AIM OF THE EXERCISE: Each record is to be copied exactly, with its pictures left behind.
Segment Open
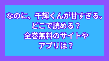 『なのに、千輝くんが甘すぎる。』どこで読める?全巻無料のサイトやアプリは?
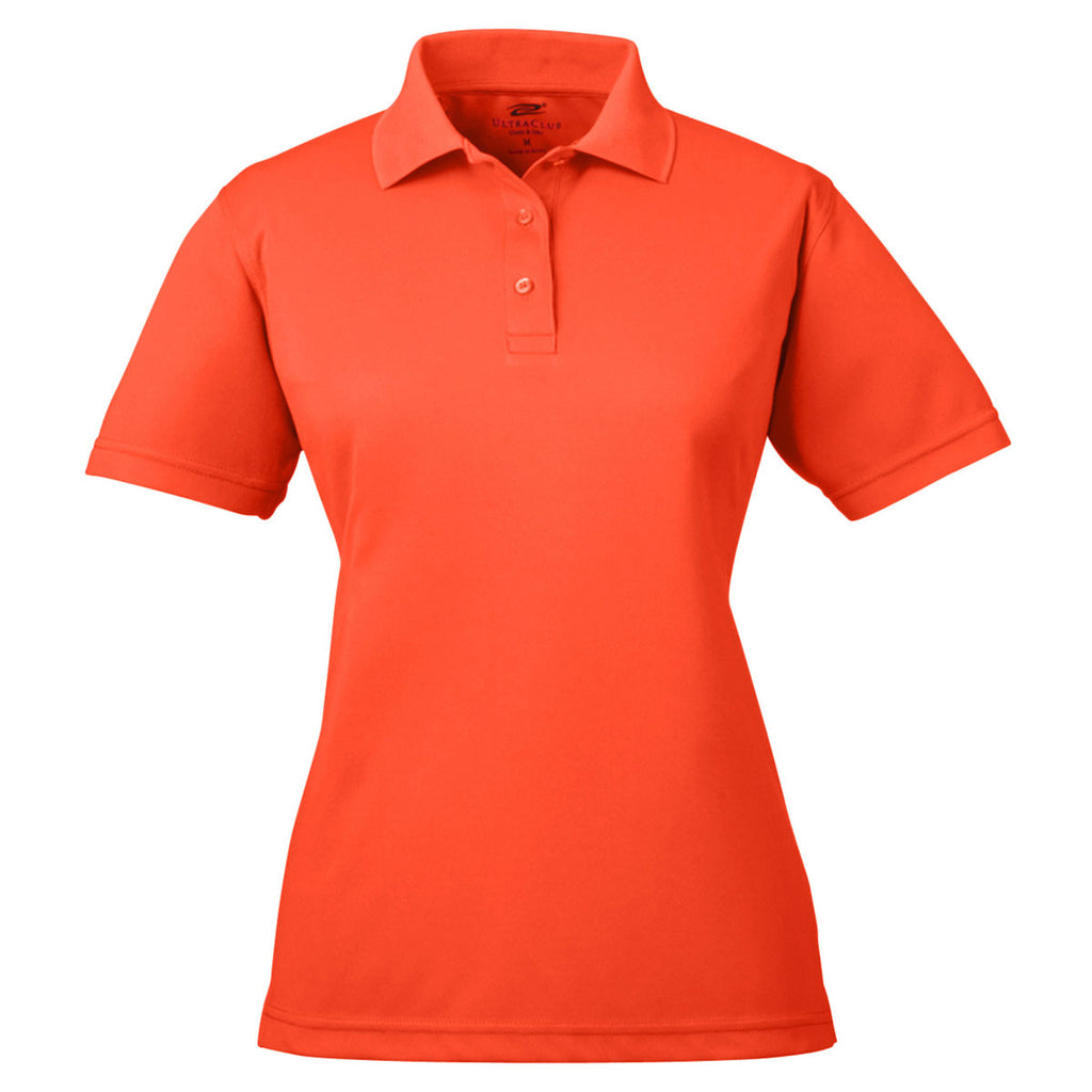 Enjoy wearing the UltraClub Women's Orange Cool & Dry Mesh Pique Polo everywhere you go. The visually appealing polo includes a fully taped flat-knit collar and three button placket with stylish dyed-to-match buttons. Moisture wicking technology quickly absorbs and removes perspiration to cool the skin. Rip and tear resistant polyester mesh pique ensures the polo lasts for years to come. Ultraviolet ray protection prevents damage to the skin, which allows you to work outdoors all day long. The feminine fit completes the design deal for the must own polo. Attach your company logo to get the word out about your brand at corporate events.Corresponding Men's Style: UltraClub Men's Orange Cool & Dry Mesh Pique Polo
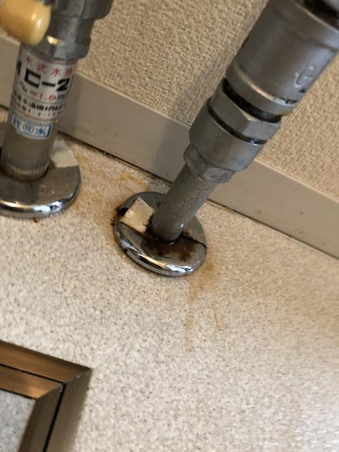 場所は元栓のレバーの横から伸びている立ち上がりの管で、そのつなぎ目の部分からジワジワ水漏れしているようでした。
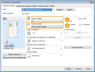 Podrá especificar fácilmente el formato de página, la posición de encuadernación, etc. de una forma intuitiva en la imagen de vista preliminar.Para obtener más información, haga clic en [Ayuda] en la pantalla del controlador de impresora.
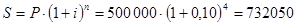 3.4. В кредитном договоре на сумму 500 000 руб. и сроком на 4 года зафиксирована ставка сложных процентов, равная 10% годовых. Определите наращенную сумму.
Segment Closed
ANSWER TO THIS PROBLEM:
 『なのに、千輝くんが甘すぎる。』どこで読める?全巻無料のサイトやアプリは?
 Enjoy wearing the UltraClub Women's Orange Cool & Dry Mesh Pique Polo everywhere you go. The visually appealing polo includes a fully taped flat-knit collar and three button placket with stylish dyed-to-match buttons. Moisture wicking technology quickly absorbs and removes perspiration to cool the skin. Rip and tear resistant polyester mesh pique ensures the polo lasts for years to come. Ultraviolet ray protection prevents damage to the skin, which allows you to work outdoors all day long. The feminine fit completes the design deal for the must own polo. Attach your company logo to get the word out about your brand at corporate events.Corresponding Men's Style: UltraClub Men's Orange Cool & Dry Mesh Pique Polo
 場所は元栓のレバーの横から伸びている立ち上がりの管で、そのつなぎ目の部分からジワジワ水漏れしているようでした。
 Podrá especificar fácilmente el formato de página, la posición de encuadernación, etc. de una forma intuitiva en la imagen de vista preliminar.Para obtener más información, haga clic en [Ayuda] en la pantalla del controlador de impresora.
 3.4. В кредитном договоре на сумму 500 000 руб. и сроком на 4 года зафиксирована ставка сложных процентов, равная 10% годовых. Определите наращенную сумму.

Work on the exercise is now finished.